A Movile não divulga receita, mas, nos últimos 3 anos, vem crescendo a um ritmo de 80% ao ano – puxada, em grande medida, pelo iFood, claro.

Ano passado, a companhia fez um movimento curioso ao vender seu negócio original, de desenvolvimento para operadoras, para a sueca Sinch. A operação de R$ 640 milhões foi dividida em R$ 355 milhões em dinheiro e o restante em ações. A Wavy fechou o período de 12 meses encerrados em 31 de março de 2020 com receita de R$ 461 milhões e lucro bruto de R$ 130 milhões.

Nem tudo são flores

O crescimento nos últimos anos é incrível mas não veio sem alguns problemas. Com o iFood se tornando tão grande, outros negócios ficaram à sombra. É o exemplo do Maplink. A companhia, que recebeu investimento da Movile em 2013, acabou saindo do grupo e voltou a ser independente em 2019. “O negócio [iFood] tomou proporção muito grande, fica difícil para qualquer um dentro do grupo.

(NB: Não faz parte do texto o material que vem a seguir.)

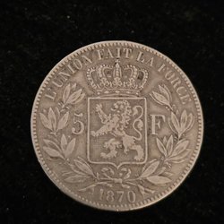 Belgisk 5 Francs - 1870 Sølv 90 %
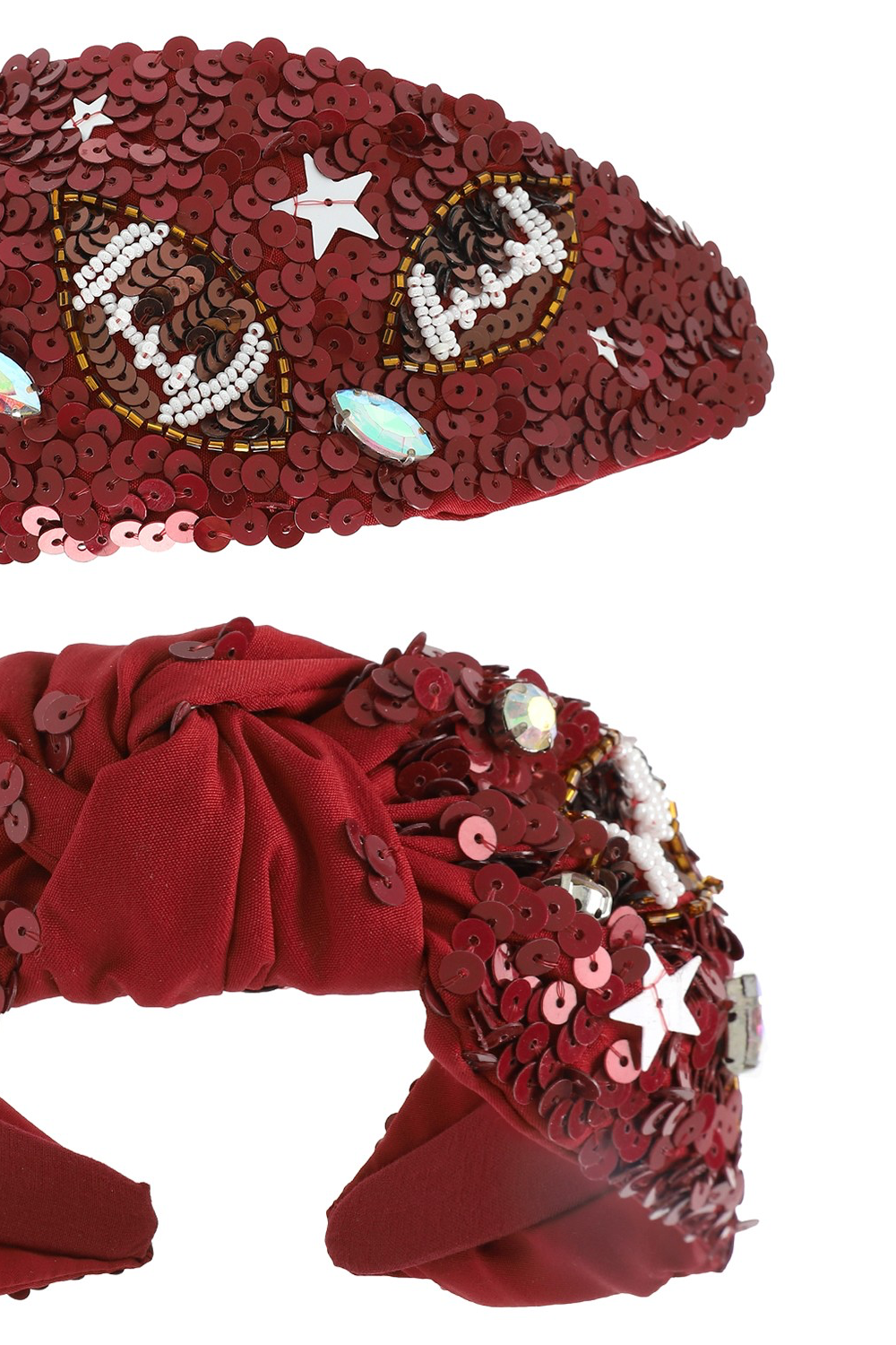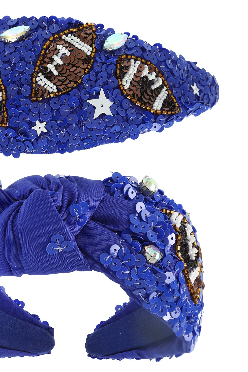 Introducing our stunning Sports Star Football Gemstone Beaded Embroidery Top Knotted Headband, the ultimate accessory to showcase your team spirit in style. With a height of 6.5" and a width of 2.5", this eye-catching piece combines intricate beaded embroidery, sparkling sequins, dazzling crystals, and vibrant gemstones to create a truly festive look.
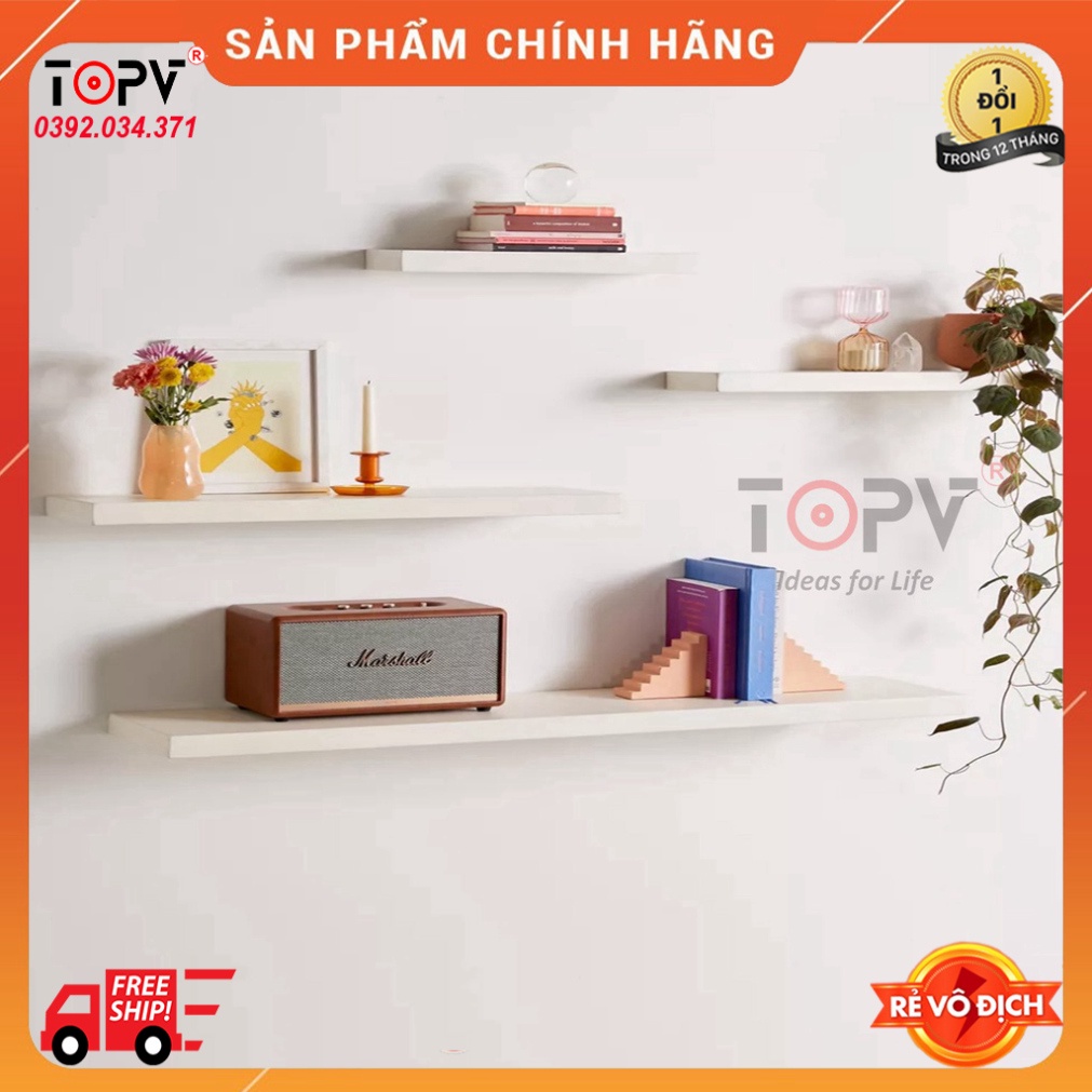 - Kệ gỗ treo tường của TOPV được thiết kế tinh tế có thể dấu đi hệ thống đinh vít nên khi trang trí lên tường sẽ rất đẹp và sang trọng.
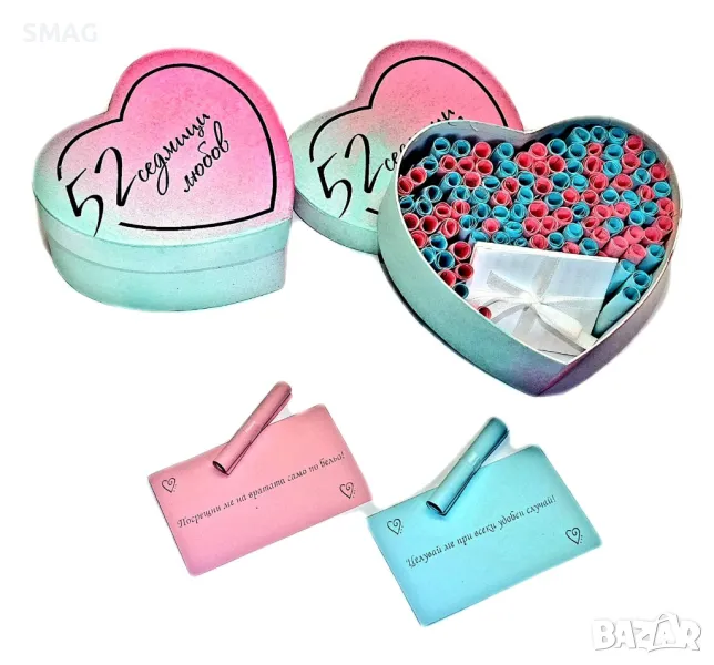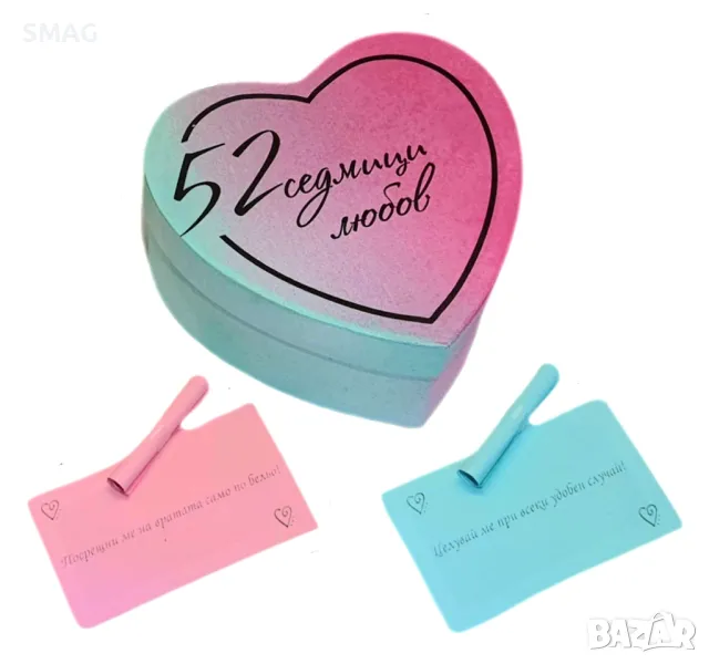 Комплектът „52 седмици Любов“ е идеалният подарък за вашата половинка по повод празника на влюбените, рожден ден, имен ден или просто ден, в който искате да покажете любовта си. Той съчетава романтика, страст и интимност в красива кутия във формата на сърце, под капака на която се крият различни любовни желания, написани на малки листчета. Този уникален подарък във вид на игра ще заздрави връзката ви и ще ви направи по-близки, докато се забавлявате с всички написани предизвикателства.
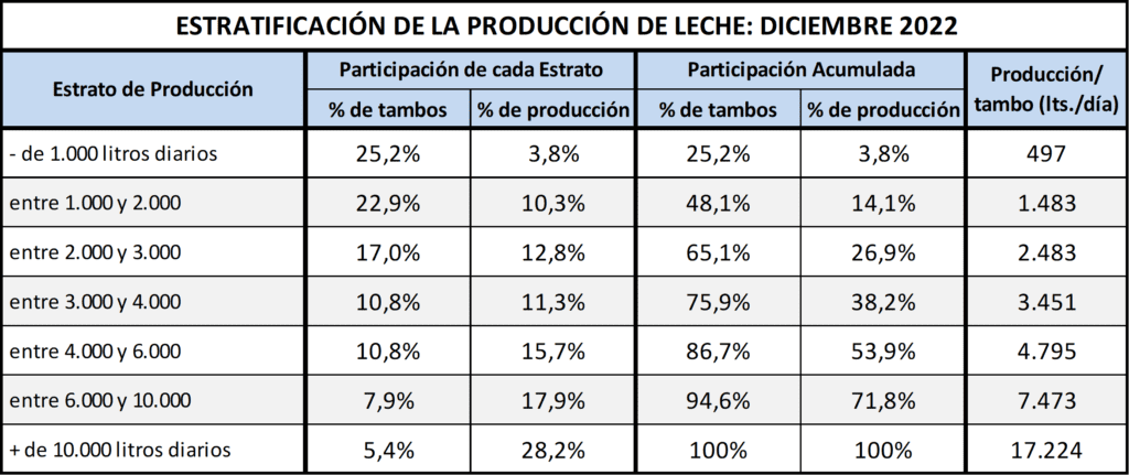 En el mes de diciembre de 2022, según los datos del SIGLeA-LUME, se puede observar una estratificación en la producción de leche en los tambos del país. Los tambos de más de 10.000 litros diarios de producción representaron solo el 5,4% del total de tambos, pero aportaron el 28,2% de la producción total. Por otro lado, los tambos de menos de 2.000 litros diarios representaron el 48,1% del total de tambos, pero solo aportaron el 14,1% de la producción total.
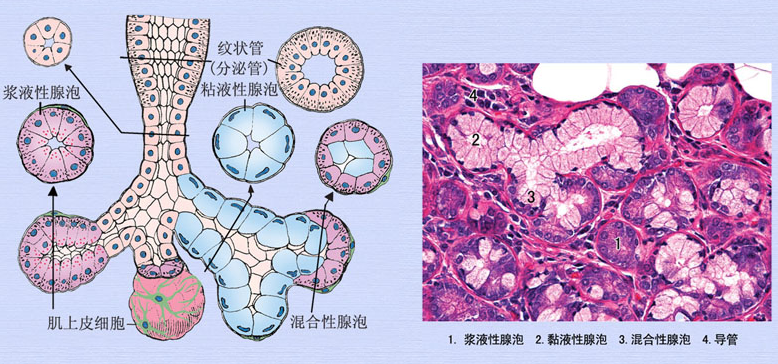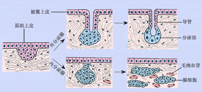 腺是胚胎时期由上皮细胞下陷到结缔组织中分化而成的。腺形成后,留有导管的腺称外分泌腺,如肝、唾液腺和汗腺等。无导管的腺称内分泌腺,如甲状腺、肾上腺和垂体等。外分泌腺由分泌部和导管两部分组成。
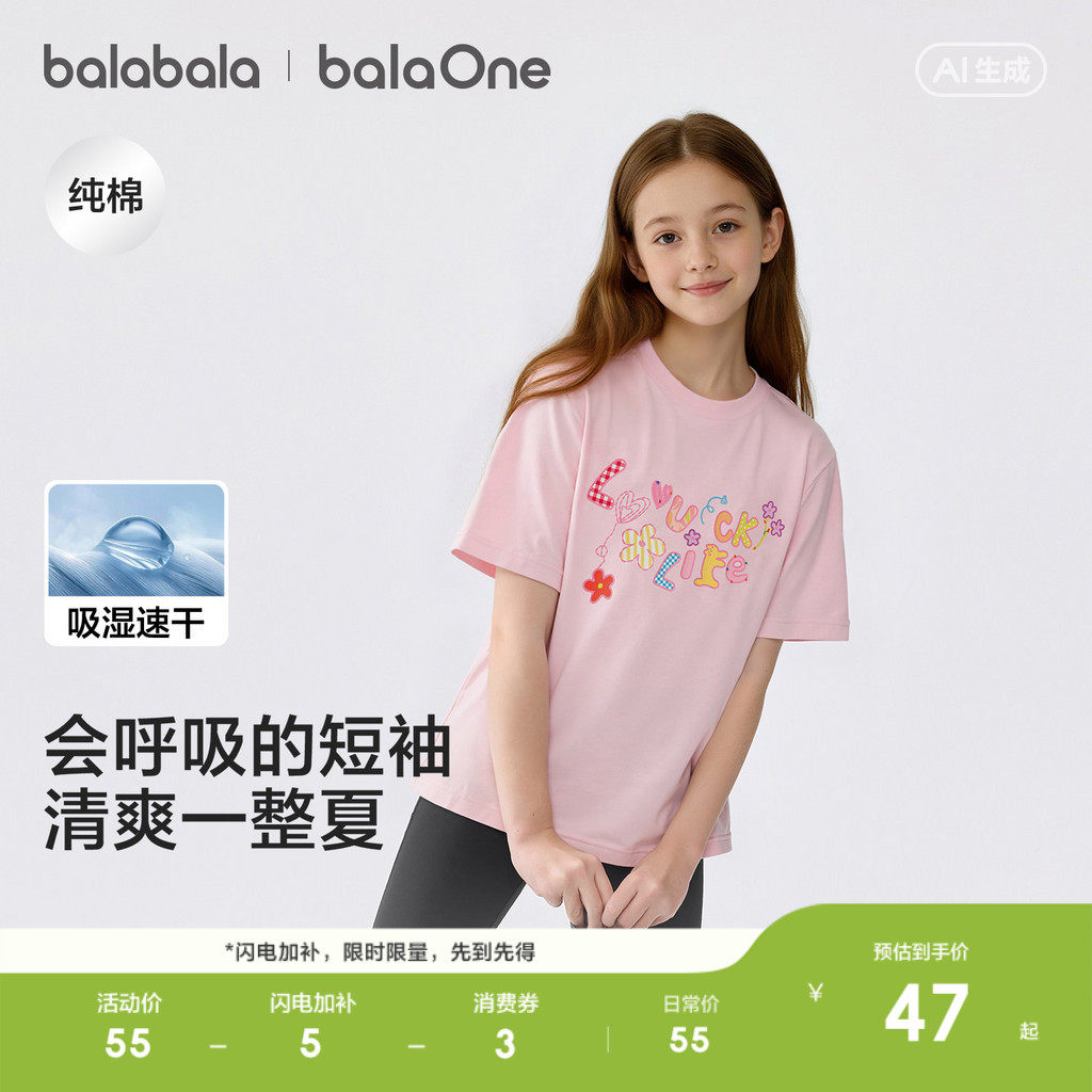 巴拉巴拉童装女童短袖t恤儿童2026新款夏装大童速干甜美学院上衣

Como fundador do negócio, estando lá, esse é o meu negócio, a minha chance de acertar”, disse Frederico Hohagen, cofundador e presidente do Maplink, ao Startups em dezembro/20.

Patrick admite que o aplicativo de entrega consumiu uma atenção desproporcional do grupo nos últimos 5 anos e que, nesse processo, alguns outros negócios receberam menos atenção. Mas destacou que, com a ida de Fabrício para o iFood, isso não deve acontecer mais. “Novas empresas que entrarem não terão o mesmo feedback porque removemos essa questão”, diz.

Um outro aspecto interessante a se acompanhar é como o mercado vai enxergar a Movile oferecendo serviços de logística e fintechs para outras empresas, ao mesmo tempo em que usa essas estruturas para suas próprias operações, mais especificamente para o iFood.

Imagina o Magalu, que também atua com entrega de comida, usando serviços financeiros da Zoop ou entregas da Mensajeros Urbanos? Estranho, né? Mais uma vez, Patrick admite que pode haver sim essa resistência, mas diz que isso não deveria ser uma questão já que existe a separação (chinese wall) entre os diferentes negócios do grupo.